What type of puffer are you?
There are smokers and there are non-smokers. This here, is my categorisation of smokers based on their habits.
The deceptive smoker – Pakhandi
What is it with this bunch? Trying to look ‘cool’, tough and hot? Peer pressure? This breed of smokers holds on to a lit cigarette, sometimes takes a drag without actually inhaling smoke (God forbid) and lets on about how addicted they are. Really people, no one cares if you don’t smoke and if someone does then let me tell you, you’re in wrong company. Either you stop wasting your (or someone else’s) money or you enjoy the pleasures.

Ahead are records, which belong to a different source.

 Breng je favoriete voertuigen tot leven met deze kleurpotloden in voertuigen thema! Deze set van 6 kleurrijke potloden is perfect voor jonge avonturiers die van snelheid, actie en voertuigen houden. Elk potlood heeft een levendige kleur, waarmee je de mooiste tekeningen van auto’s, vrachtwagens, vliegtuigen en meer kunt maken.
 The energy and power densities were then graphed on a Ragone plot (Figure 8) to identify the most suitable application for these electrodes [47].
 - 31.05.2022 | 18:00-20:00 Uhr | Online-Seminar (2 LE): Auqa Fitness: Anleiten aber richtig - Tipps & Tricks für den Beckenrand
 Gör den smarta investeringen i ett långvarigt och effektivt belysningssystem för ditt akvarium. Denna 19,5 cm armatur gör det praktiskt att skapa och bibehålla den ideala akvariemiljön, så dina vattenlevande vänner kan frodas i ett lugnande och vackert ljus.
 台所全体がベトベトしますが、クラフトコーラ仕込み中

The confused smoker – Haan ya na?
So, as I mentioned in the introduction, there are smokers and there are non-smokers. There’s no middle ground here. However, I’ve come across people who, on being asked whether they smoke, say ‘not really’ or ‘kind of’. What’s that supposed to mean? Either you do or you don’t!
The routine smoker – Apne samay pe
I admire them. No really, I do. They set a routine; 11 am, 2 pm, 5 pm etc. and stick to it. No matter how strong the urge at 3:30 pm (God forbid again), they don’t budge. Can you share some of your self-control with me please? I’ll share a smoke with you.

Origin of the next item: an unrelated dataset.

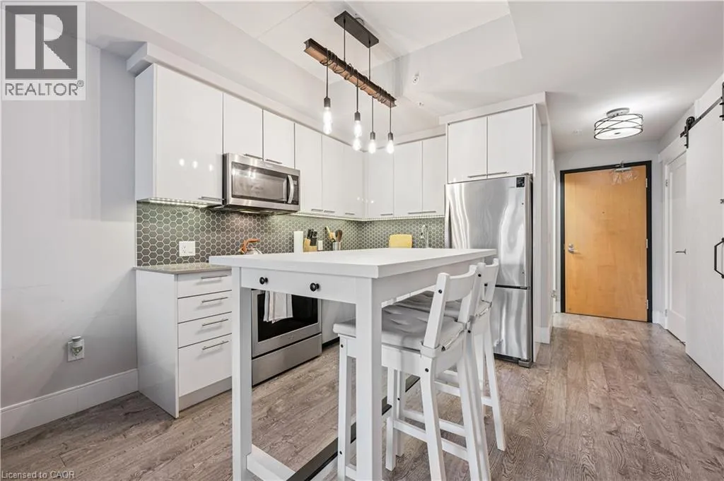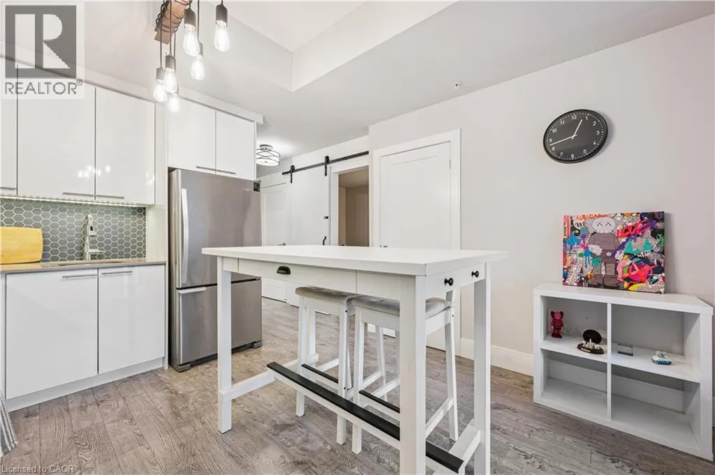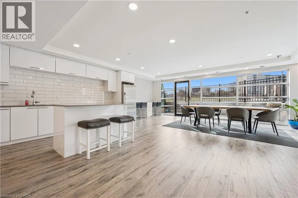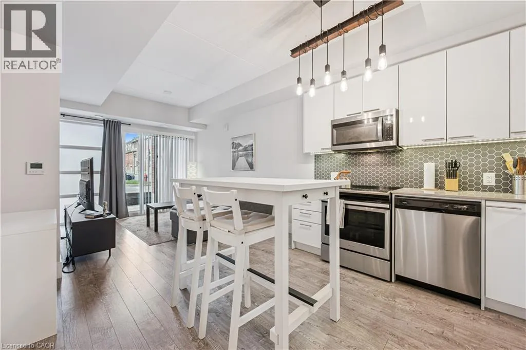 Lancaster to Louisa to St. Leger Welcome to 15 Prince Albert Blvd Unit 104âa stylish and modern 1 Bedroom + Den condo offering EXCEPTIONAL COMFORT, AND CONVENIENCE. Located on the main floor, this unit provides easy access along with an open concept, CONTEMPORARY LIVING SPACE youâll love coming home to. Inside, enjoy 2 full bathrooms, including a 3-piece ensuite with a sleek glass shower enclosure, plus a separate 4-piece second bathroomâPERFECT FOR GUESTS OR A ROOMMATE. The spacious den features a barn door enclosure and a full closet, making it ideal as an office or guest space. The MODERN KITCHEN IS DESIGNED TO IMPRESS, featuring white cabinetry, a grey tile backsplash, quartz countertops, and stainless appliances. In-suite laundry adds everyday convenience. ENJOY YOUR OWN PRIVATE PATIO, PERFECT FOR RELAXING. The building offers a FITNESS CENTRE AND PARTY ROOM RIGHT OUTSIDE YOUR DOOR on the main floor. With GEOTHERMAL HEATING AND COOLING, each unit is separately metered for ENERGY-EFFICIENT, COST-EFFECTIVE LIVING. 1 underground parking spot and a storage locker are included. Enjoy a PRIME LOCATION steps from parks, the Google office, UWâs School of Pharmacy, and the lively amenities of Downtown Kitchener and a short commute to Uptown Waterloo along with the VIA Rail train station nearby for easy commuting. Move-in ready and beautifully appointed, Unit 104 is the perfect blend of style, function, and location. Donât miss your chance to make it yours! (id:27476)
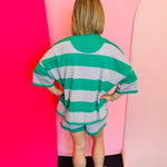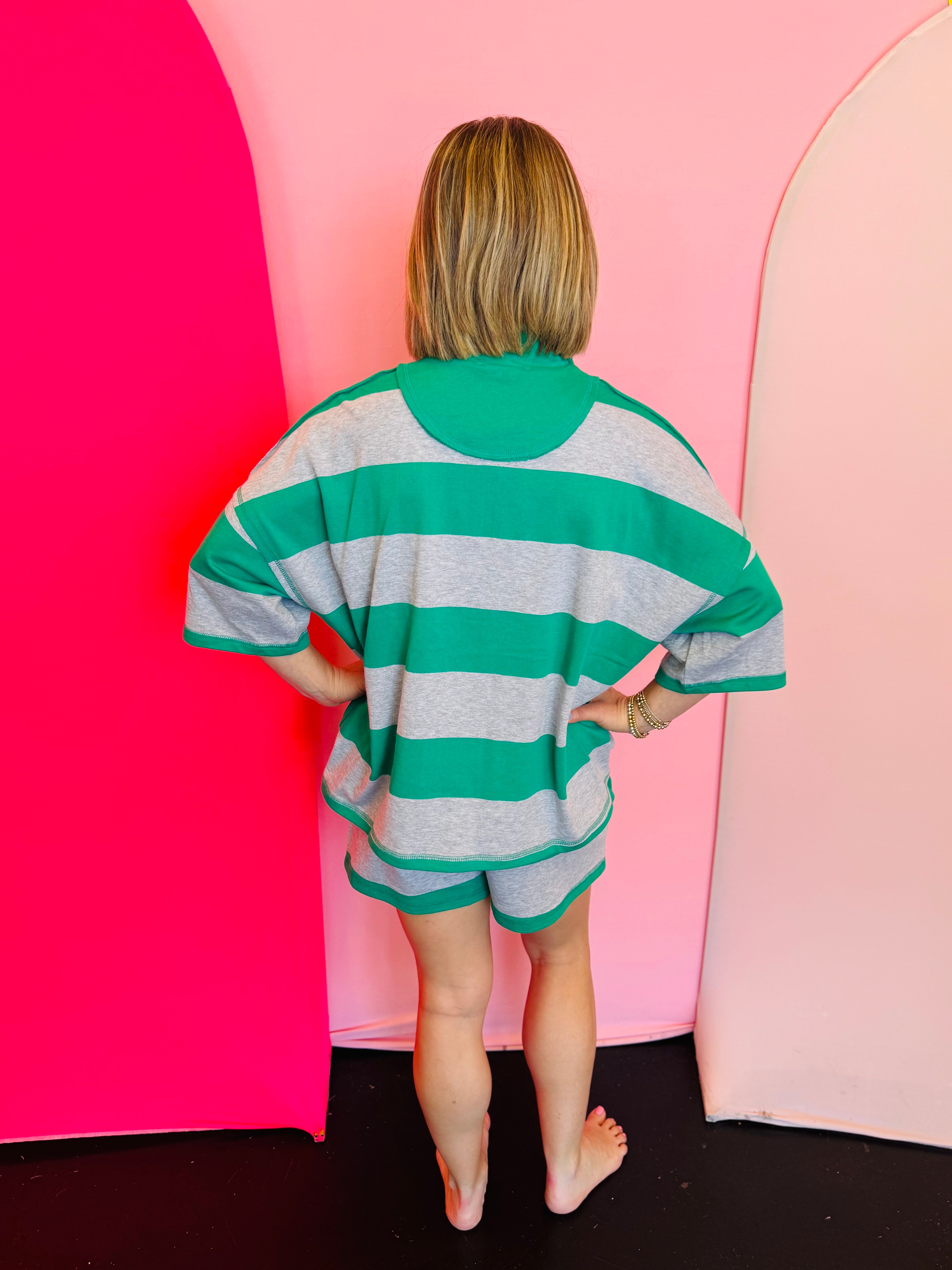 The Kelly green stripe brings energy and confidence to your wardrobe while still being wearable and versatile. Pair it with sneakers for a sporty vibe or slides for a relaxed, off-duty look.

The average smoker – Na idhar ka na udhar ka
This kind says he/she can quit anytime and it’s true! They can go hours, even a couple of days without a cigarette, much to the disappointment of regular smokers. An average smoker usually does not cross 5-7 cigarettes on an average day.
The bummer – Udhaar ki zindagi
Bummers never carry their own cigarettes, regardless of what their salary is or how many tapris are right across their apartment complex. And they’re always ready with ridiculous excuses; “I don’t have any change today” (you never do) or “I finished my pack last night” (you have to buy one to finish it).
The regular smoker – Suttebaaz
These are happy smokers. Not a care about their health or even criticism for that matter. Love cigarettes and never intend to quit (who knows what the future holds though). Coffee (smoke), finish a meal (smoke), happy (smoke), stressed (smoke), too much work (smoke), no work (smoke), bored (smoke)!
The chain smoker – Chimney
They light a new cigarette with the filter of the one they lit 5 minutes ago. It makes me cringe but nonetheless, it’s impressive. Don’t bother asking a chain smoker “Another one already?” All you’ll get in response is a nonchalant “So?” Personally, I cannot fathom finishing a pack in just a couple of hours. If you fall under this category, it’s your money and your lungs. I’m not judging!
The ex-smoker – Ab kya bacha?
This group has puffed away on cigarettes like they were going out of style and have quit (kudos!)! A part of them still wants that one last cigarette to relive wonderful memories but they’ve been refrained from ever touching one again (doc’s orders, threatening spouses, whatever). They’ll regale you with their smoking-days’ tales, still trying to be a part of the ‘puff bunch’. By the end of a few minutes, you’ll know when they started smoking, how much they used to smoke, since how long they’ve been off cigarettes and how they don’t long for a single drag (liars!) anymore. Maybe some really don’t and again, I admire them. No, really!
All smokers know at least one of this kind. Numerous non-smokers feel it’s their duty to berate and advice puffers (of all categories) on the dreadful evils of smoking cigarettes. Smokers find this extremely awkward and annoying. They will avoid this conversation at all costs. Maybe even change the topic to what Dolly Aunty (a regular smoker) in Canada is up to, knowing they don’t care two hoots about her. So, gyaan-giving non-smokers, let it be. More often than not, anything you say is going to fall on a smoker’s deaf ears. Putting it philosophically, the change has to come from within.
Disclaimer: The Punekar in no way condones smoking. We don’t encourage it. We also don’t offer people ashtrays if they are smoking. This article is based on observations and is for entertainment purposes only.